Syntax used to create the tfrecord from generate_tfrecord.py:

!python generate_tfrecord.py 
-x [PATH_TO_IMAGES_FOLDER]/train 
-l [PATH_TO_ANNOTATIONS_FOLDER]/label_map.pbtxt 
-o [PATH_TO_ANNOTATIONS_FOLDER]/train.record

In [20]:
# using "generate_tfrecord.py" to create the train data used by the tfod api
!python generate_tfrecord.py -x "C:\Users\Divit\Deep learning\Tensorflow\Mini-project-3\training_demo\images\train" -l "C:\Users\Divit\Deep learning\Tensorflow\Mini-project-3\training_demo\annotations\label_map.pbtxt" -o "C:\Users\Divit\Deep learning\Tensorflow\Mini-project-3\training_demo\annotations\train.record"

# using "generate_tfrecord.py" to create the test data used by the tfod api
!python generate_tfrecord.py -x "C:\Users\Divit\Deep learning\Tensorflow\Mini-project-3\training_demo\images\test" -l "C:\Users\Divit\Deep learning\Tensorflow\Mini-project-3\training_demo\annotations\label_map.pbtxt" -o "C:\Users\Divit\Deep learning\Tensorflow\Mini-project-3\training_demo\annotations\test.record"

Successfully created the TFRecord file: C:\Users\Divit\Deep learning\Tensorflow\Mini-project-3\training_demo\annotations\train.record
Successfully created the TFRecord file: C:\Users\Divit\Deep learning\Tensorflow\Mini-project-3\training_demo\annotations\test.record


## 4. Download Pre-Trained Model

We have used SSD ResNet50 V1 FPN 640x640 model, since it provides a relatively good trade-off between performance and speed. However, there exist a number of other models you can use, all of which are listed in TensorFlow 2 Detection Model Zoo.

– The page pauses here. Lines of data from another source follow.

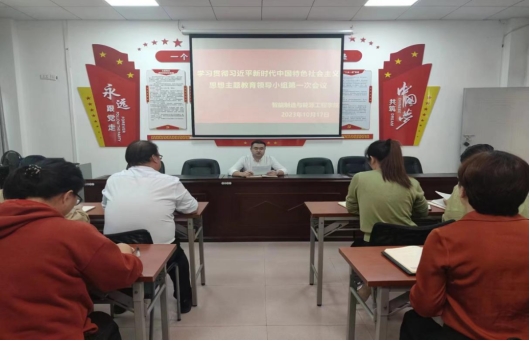 1017日,智能制造与能源工程学院学习贯彻习近平新时代中国特色社会主义思想主题教育领导小组第一次会议在仙女湖校区B104会议室召开,会议由学院党总支书记范向红主持,学院主题教育领导小组全体成员参会。
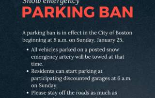 Residents are encouraged to stay home. If travel is necessary, please use public transportation. Mayor Michelle Wu Saturday declared a snow emergency starting at 8 a.m. on Sunday, Jan. 25, 2026 ahead of the forecasted winter storm. The highest rate of snowfall will take place from 2 p.m. Sunday to 3 a.m. Monday. Residents are advised that a snow emergency/parking [...]
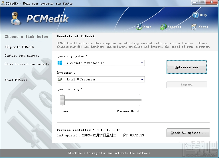 PCMedik可以优化你的电脑,让PC发挥更大的性能,大大减少死机的事件。你只须选择操作系统的类型和CPU名字,再点击[GO]按钮就会完成全部的优化设定。
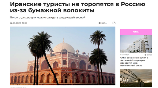 Новости туризма 22/09/2023 Иранские туристы не торопятся в Россию из-за бумажной волокиты #туризм

The link from where we can download the model is https://github.com/tensorflow/models/blob/master/research/object_detection/g3doc/tf2_detection_zoo.md

In [22]:
cd C:\Users\Divit\Deep learning\Tensorflow\Mini-project-3\training_demo\pre-trained-models

C:\Users\Divit\Deep learning\Tensorflow\Mini-project-3\training_demo\pre-trained-models


After downloading the model, use tar coomand to extract the model in the pre-trained subfolder

In [23]:
!tar -xvf ssd_resnet101_v1_fpn_640x640_coco17_tpu-8.tar.gz

x ssd_resnet101_v1_fpn_640x640_coco17_tpu-8/
x ssd_resnet101_v1_fpn_640x640_coco17_tpu-8/checkpoint/
x ssd_resnet101_v1_fpn_640x640_coco17_tpu-8/checkpoint/ckpt-0.data-00000-of-00001
x ssd_resnet101_v1_fpn_640x640_coco17_tpu-8/checkpoint/checkpoint
x ssd_resnet101_v1_fpn_640x640_coco17_tpu-8/checkpoint/ckpt-0.index
x ssd_resnet101_v1_fpn_640x640_coco17_tpu-8/pipeline.config
x ssd_resnet101_v1_fpn_640x640_coco17_tpu-8/saved_model/
x ssd_resnet101_v1_fpn_640x640_coco17_tpu-8/saved_model/saved_model.pb
x ssd_resnet101_v1_fpn_640x640_coco17_tpu-8/saved_model/assets/
x ssd_resnet101_v1_fpn_640x640_coco17_tpu-8/saved_model/variables/
x ssd_resnet101_v1_fpn_640x640_coco17_tpu-8/saved_model/variables/variables.data-00000-of-00001
x ssd_resnet101_v1_fpn_640x640_coco17_tpu-8/saved_model/variables/variables.index


training_demo/

├─ ...

├─ pre-trained-models/

│  └─ ssd_resnet50_v1_fpn_640x640_coco17_tpu-8/

│     ├─ checkpoint/

│     ├─ saved_model/

│     └─ pipeline.config

└─ ...

## 5. Training the model

### 5.1. Editing the pipeline.config file

Now that we have downloaded and extracted our pre-trained model, let’s create a directory for our training job.

training_demo/

├─ ...

├─ models/

│  └─ my_ssd_resnet50_v1_fpn/

│     └─ pipeline.config

└─ ..

In this case, the pipepline.congif file is the same as file downloaded in the pre-tranined-models directory.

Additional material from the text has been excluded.